| WHAT TO DO |
Set down, word for word, each line from the top of the data through the line that has "She also reached"; omit every picture.

[Start of Attachment]

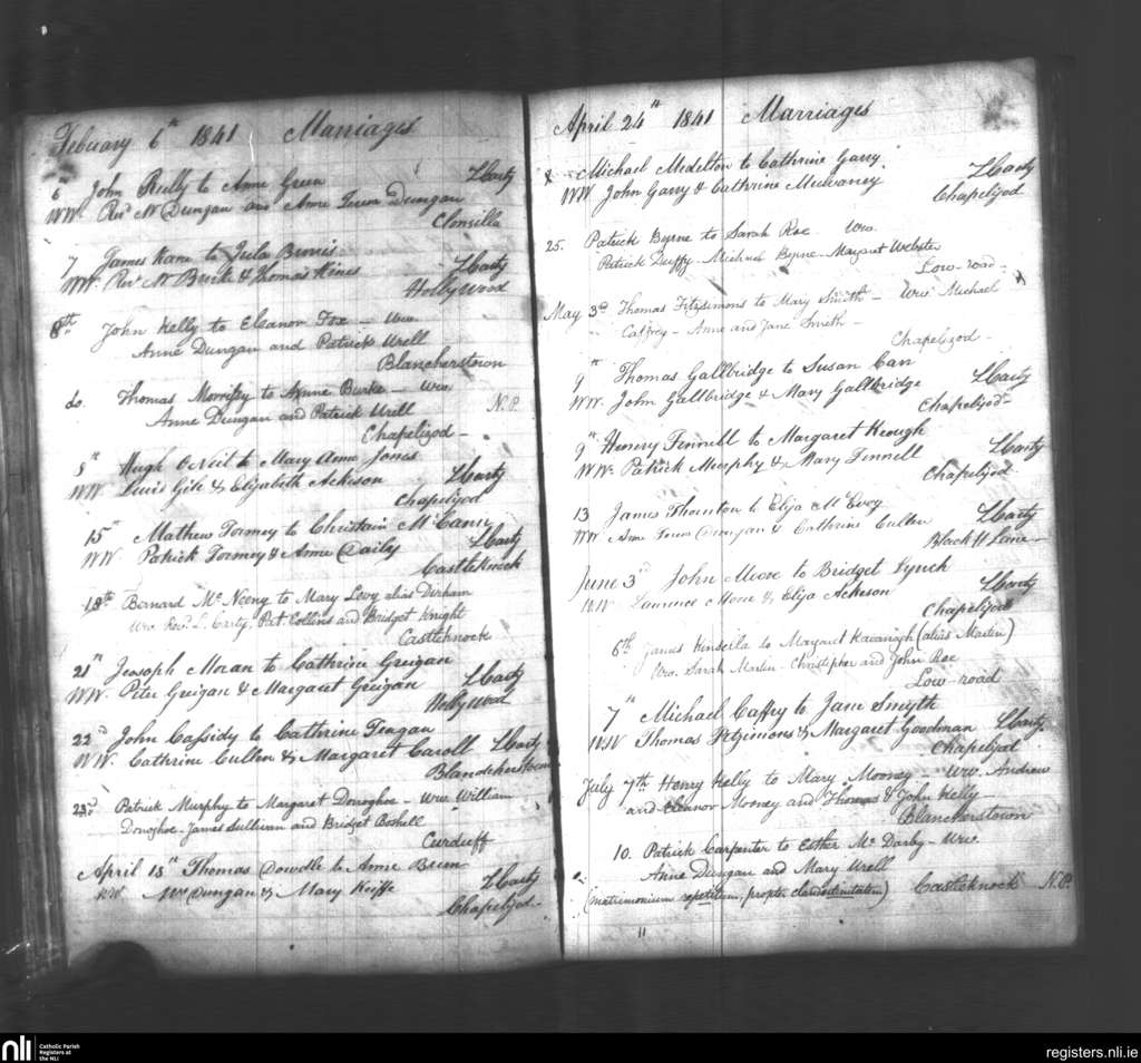 Blanchardstown; County of Dublin; Archdiocese of Dublin. Marriages, Feb. 1841 to July 1841
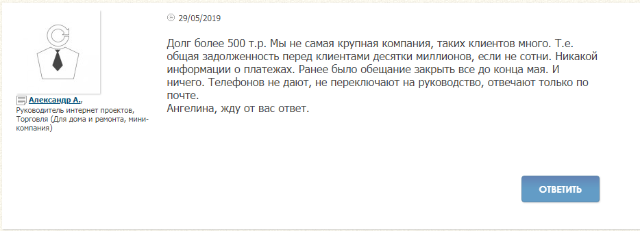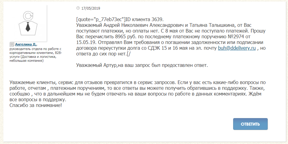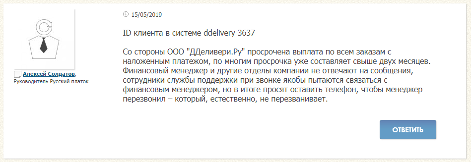 На профильных форумах в последнее время появлялись жалобы на то, что компания допускает просрочки выплат по всем заказам с наложенным платежом. Представитель компании несколько раз отвечала недовольным просьбой потерпеть, а потом сообщила, что перестаёт отвечать на запросы и отправила клиентов звонить в поддержку.
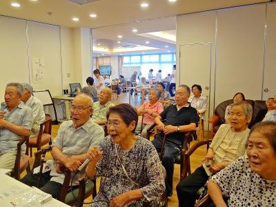 皆さん一緒に大きな声で大合唱、今日もカラオケ大会と相成りました。
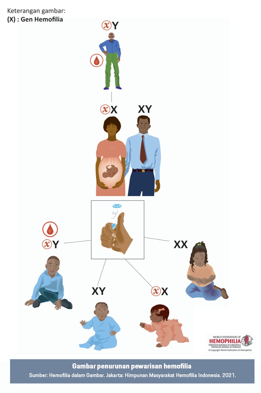 Ibu pembawa gen hemofilia memiliki 1 kromosom X sehat dan 1 kromosom X pembawa hemofilia. Ayah dengan hemofilia memiliki 1 kromosom X pembawa gen hemofilia dan 1 kromosom Y:
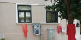 Κρέμασαν 13 γυναικεία φορέματα στο Γαλλικό ινστιτούτο για τις 13 γυναικοκτονίες...
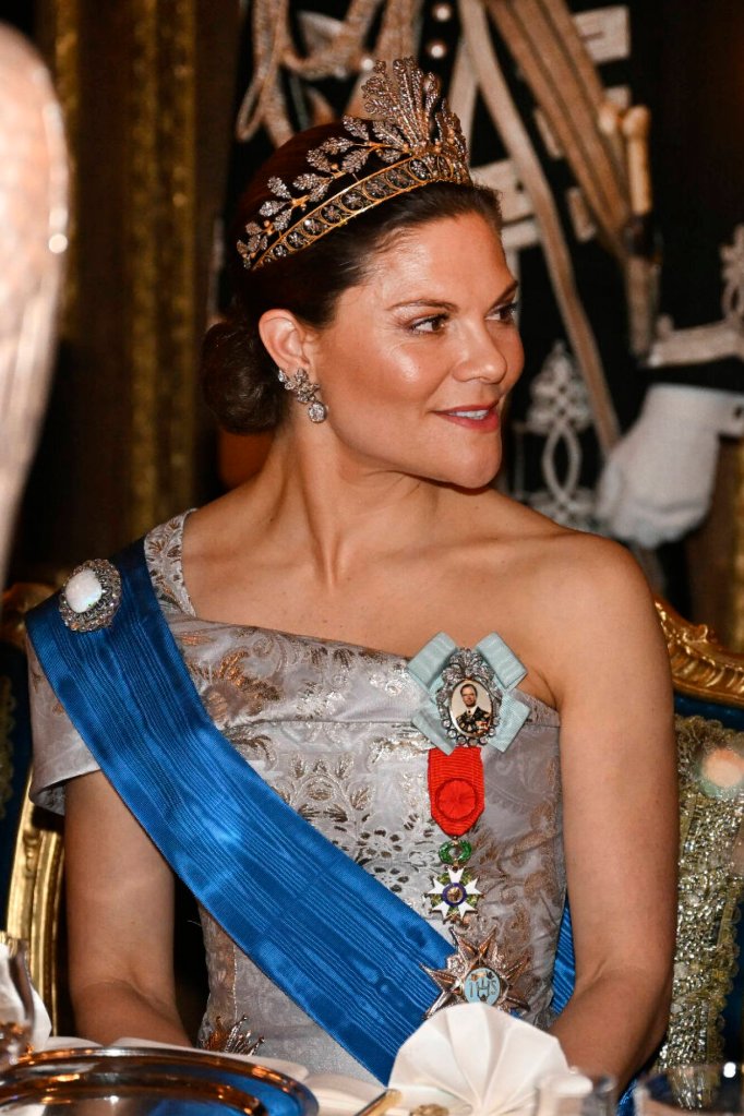 She also reached for a tiara with French connections: the Napoleonic cut steel tiara. This tiara does not have a single jewel on it, it shines because it is highly polished cut steel, as the name might suggest. It’s not my number one favourite tiara in the Swedish collection, but definitely in the top five.
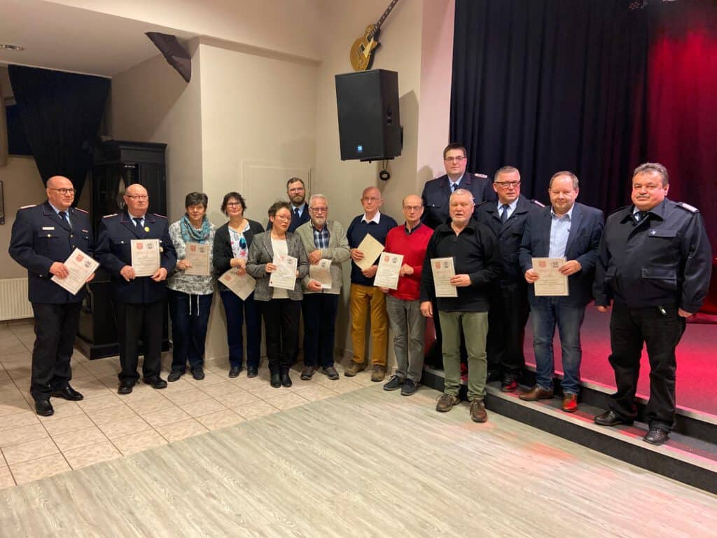 Der Feuerwehrverein konnte langjährige Mitglieder auszeichnen. Seit 50 Jahren Mitglied ist die Volksbank eG, die dafür, in Vertretung durch Karsten Dielzer, ausgezeichnet wurde. Eine Ehrung für 40-jährige Mitgliedschaft bekamen Hans-Joachim Scholz, Angelika und Dietrich Kahle, Burkhard Meyer, Carsten Winkler, Burkhard Hachfeld sowie Maritta und Hubertus Rieger. Für 25 Jahre im Verein ausgezeichnet wurden Birgit Sackmann und Daniel Harries. Kreisbrandmeister Marko de Klein konnte Heiko Wechenberger für 14 Jahre Tätigkeit in der Kreisausbildung auszeichnen.
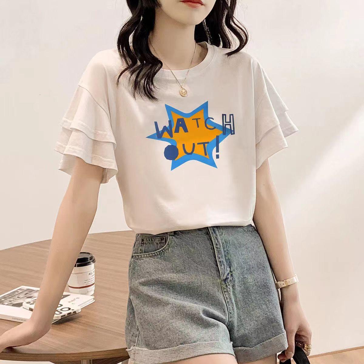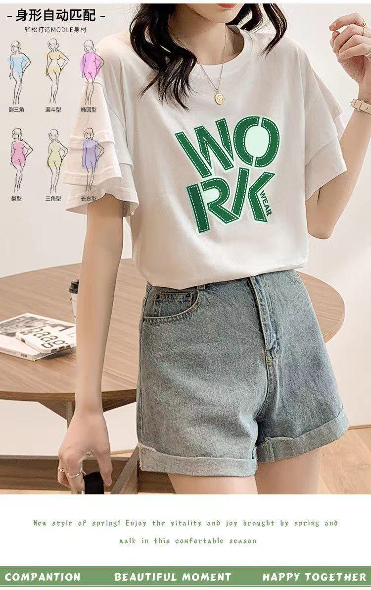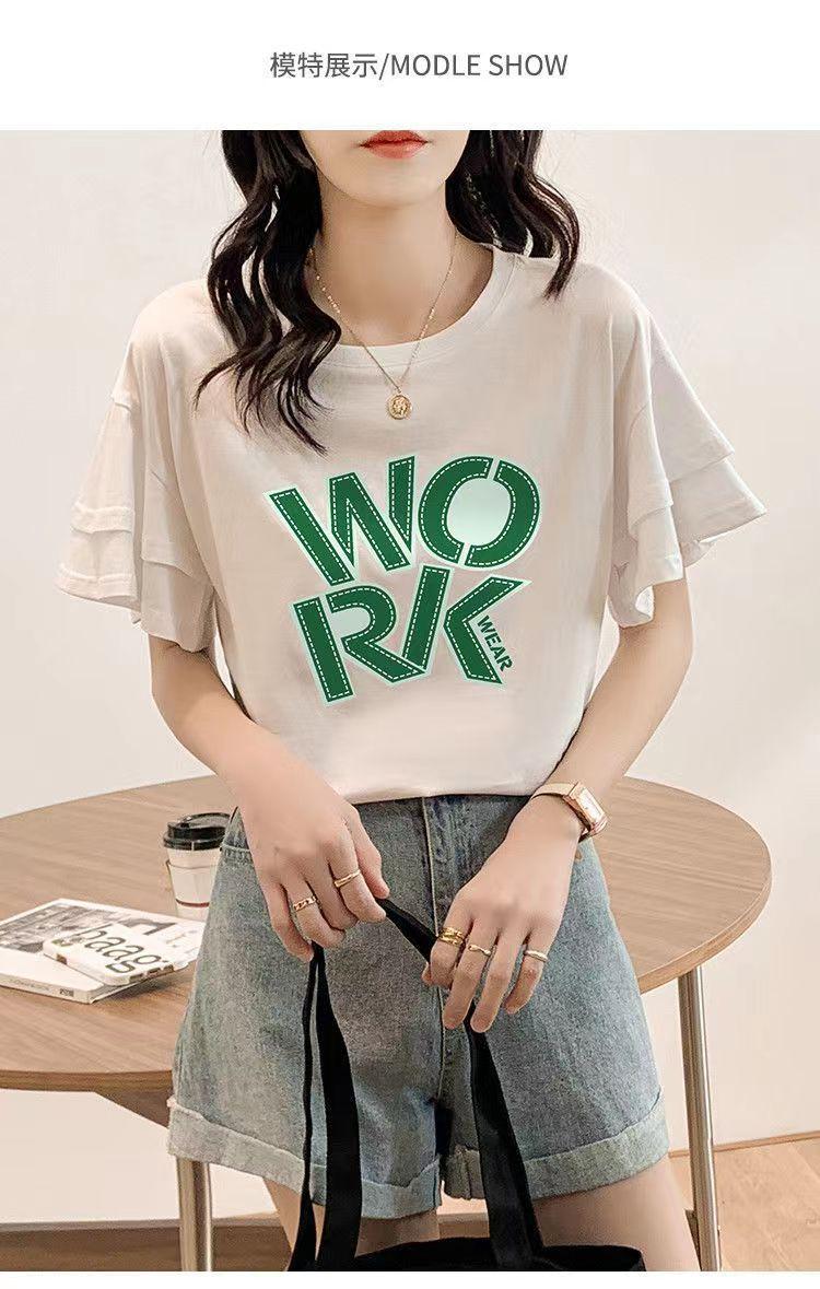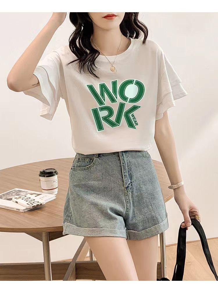 Sencillo Casual Estilo Coreano Manga Corta Verano Chic Manga Cuello Redondo t Manga Moda Estampado de Letras Top Combinable para Mujer
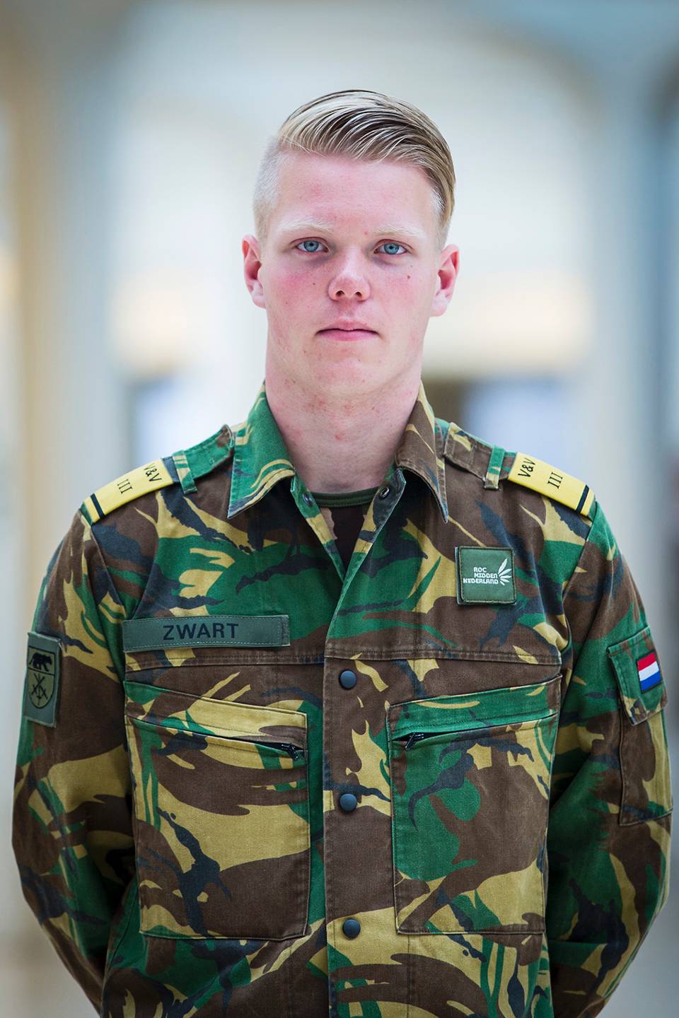 “Door alle bezuinigen bij Defensie twijfelde ik of ik wel aan deze opleiding moest beginnen. Daarom koos ik voor een opleiding binnenhuisarchitect. Leuk, maar niet mijn passie. Defensie vertelde me dat jong personeel altijd nodig is, dus na een jaar stapte ik over naar VeVa. Een goede opleiding met een volwassen benadering, erg fijn. Inmiddels ben ik geslaagd en mag ik over 2 maanden opkomen bij de Koninklijke Militaire School voor de opleiding onderofficier infanterie. Supergaaf en spannend om straks al leiding te mogen geven.”
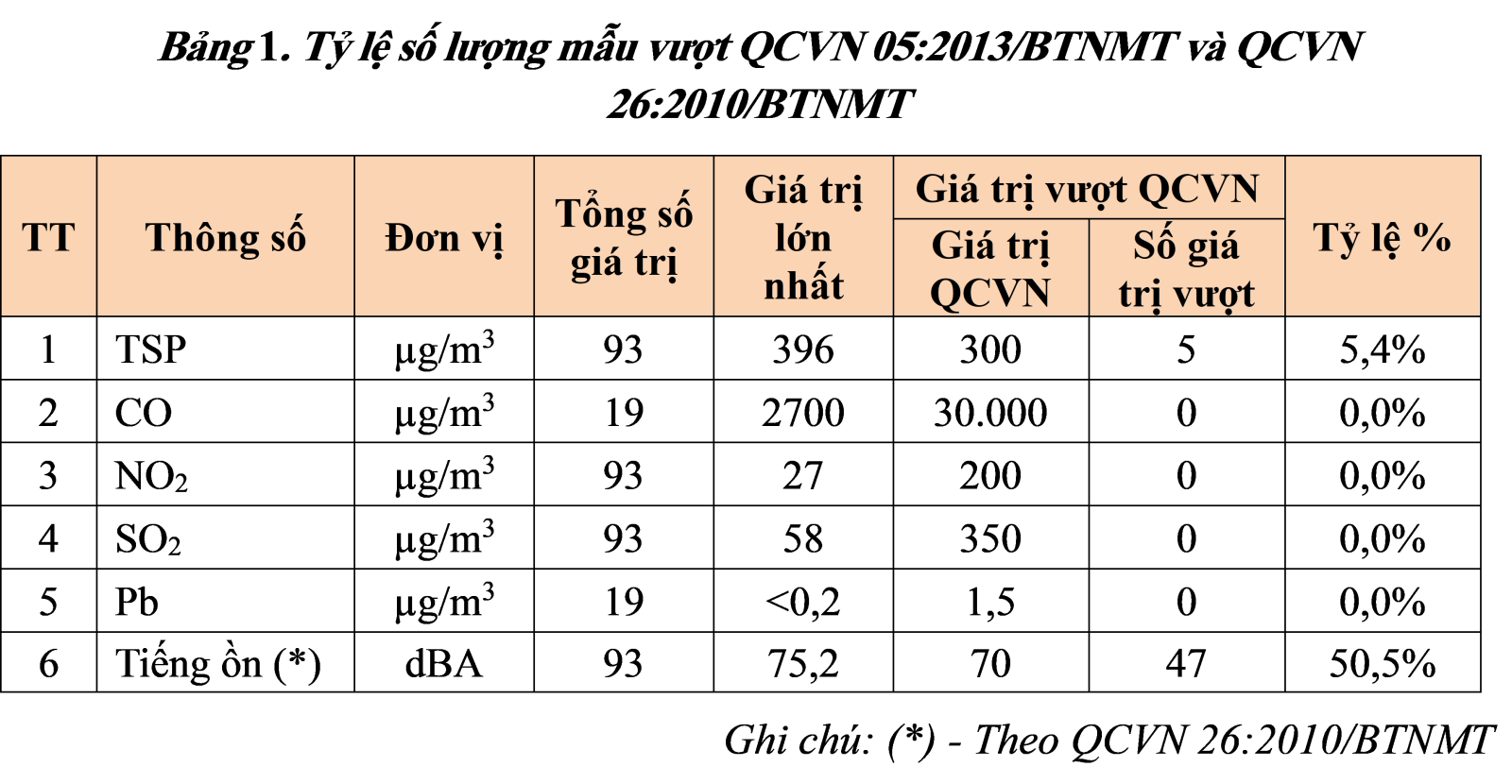 Các thông số khác (CO, Pb, SO2, NO2) cho giá trị thấp và đều đạt QCVN 05:2013/BTNMT.
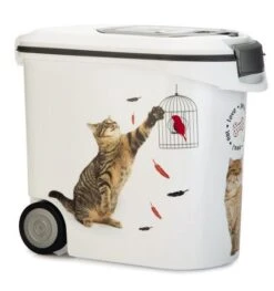De container bevat een klepje aan de bovenkant, zodat je de brokjes gemakkelijk in een kattenvoerbak kunt schenken. Voorzien van een handvat en wieltjes, zodat je de voedselcontainer gemakkelijk kunt verplaatsen. Leuk detail: voorzien van diverse kattenprints.
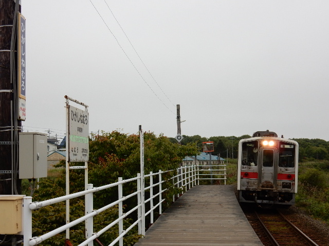 釧路方向から根室行きの列車が到着。通学の高校生と思しき若者が
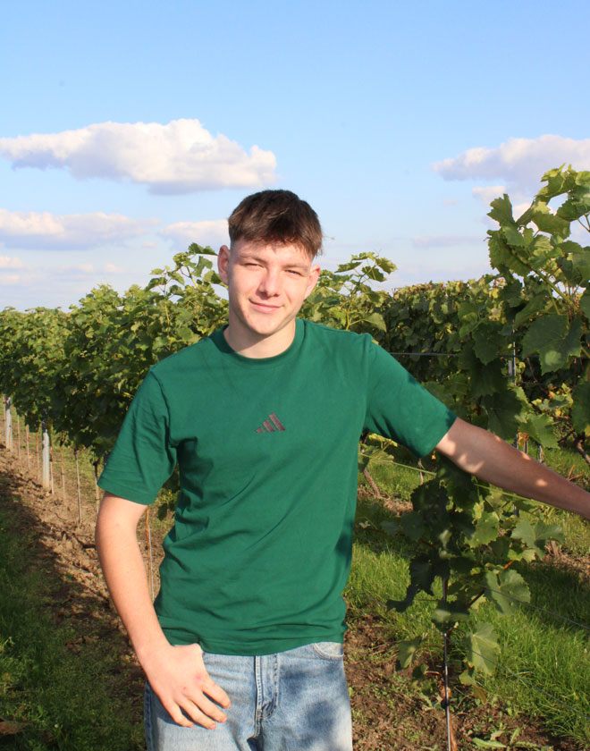 Andreas ist derzeit im zweiten Jahr seiner Winzerausbildung und packt engagiert in unseren Weinbergen mit an. Mit seiner frischen Energie bereichert er den Betrieb und leistet tatkräftige Unterstützung.
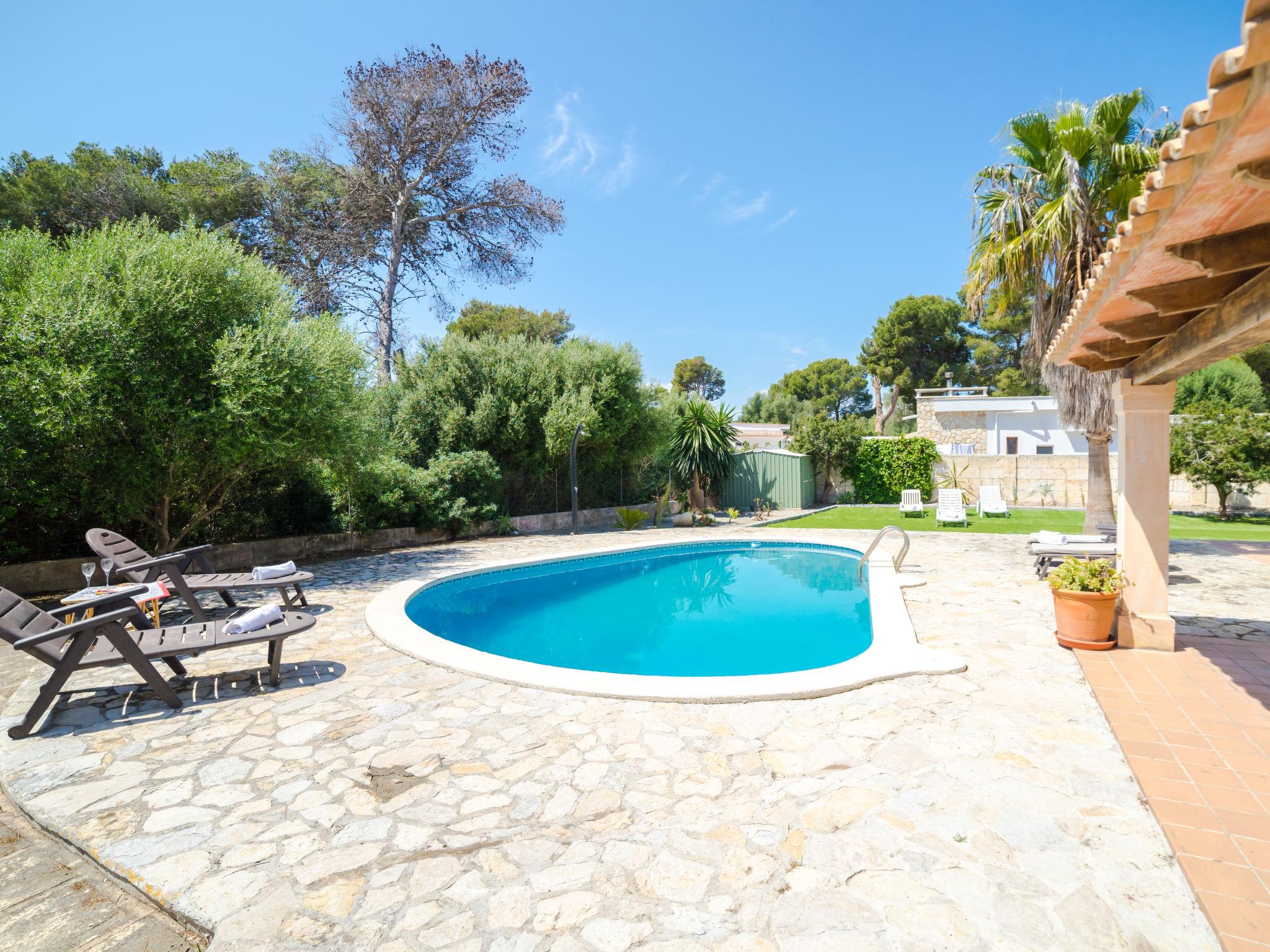 Porto Cristo 12 km from Manacor: Beautiful, cosy, comfortable house "Casa Sanso", 2 storeys. 1 km from the centre, in a quiet position, 100 m from the sea, 1 km from the beach. Private: garden with lawn 300 m2, swimming pool (8 x 4 m, seasonal availability: 01.Jan. - 31.Dec.). Unconventional pool shape. Patio (400 m2), pergola, terrace (60 m2), garden furniture, barbecue. In the house: with TV, WiFi. Single garage. Grocery 500 m, supermarket 1 km, shopping centre 500 m, restaurant, bus stop 2 km, railway station "Manacor" 12 km, sandy beach 1 km. Sports harbour 100 m, golf course (18 hole) 18 km, tennis 500 m. Nearby attractions: cuevas del drac 1 km. Please note: car recommended. Suitable for families. The owner does not accept any youth groups. Loading and unloading of baggage is possible at the holiday house.

[End of Attachment]

| RESULT OF THE TASK |
 Blanchardstown; County of Dublin; Archdiocese of Dublin. Marriages, Feb. 1841 to July 1841
 На профильных форумах в последнее время появлялись жалобы на то, что компания допускает просрочки выплат по всем заказам с наложенным платежом. Представитель компании несколько раз отвечала недовольным просьбой потерпеть, а потом сообщила, что перестаёт отвечать на запросы и отправила клиентов звонить в поддержку.
 皆さん一緒に大きな声で大合唱、今日もカラオケ大会と相成りました。
 Ibu pembawa gen hemofilia memiliki 1 kromosom X sehat dan 1 kromosom X pembawa hemofilia. Ayah dengan hemofilia memiliki 1 kromosom X pembawa gen hemofilia dan 1 kromosom Y:
 Κρέμασαν 13 γυναικεία φορέματα στο Γαλλικό ινστιτούτο για τις 13 γυναικοκτονίες...
 She also reached for a tiara with French connections: the Napoleonic cut steel tiara. This tiara does not have a single jewel on it, it shines because it is highly polished cut steel, as the name might suggest. It’s not my number one favourite tiara in the Swedish collection, but definitely in the top five.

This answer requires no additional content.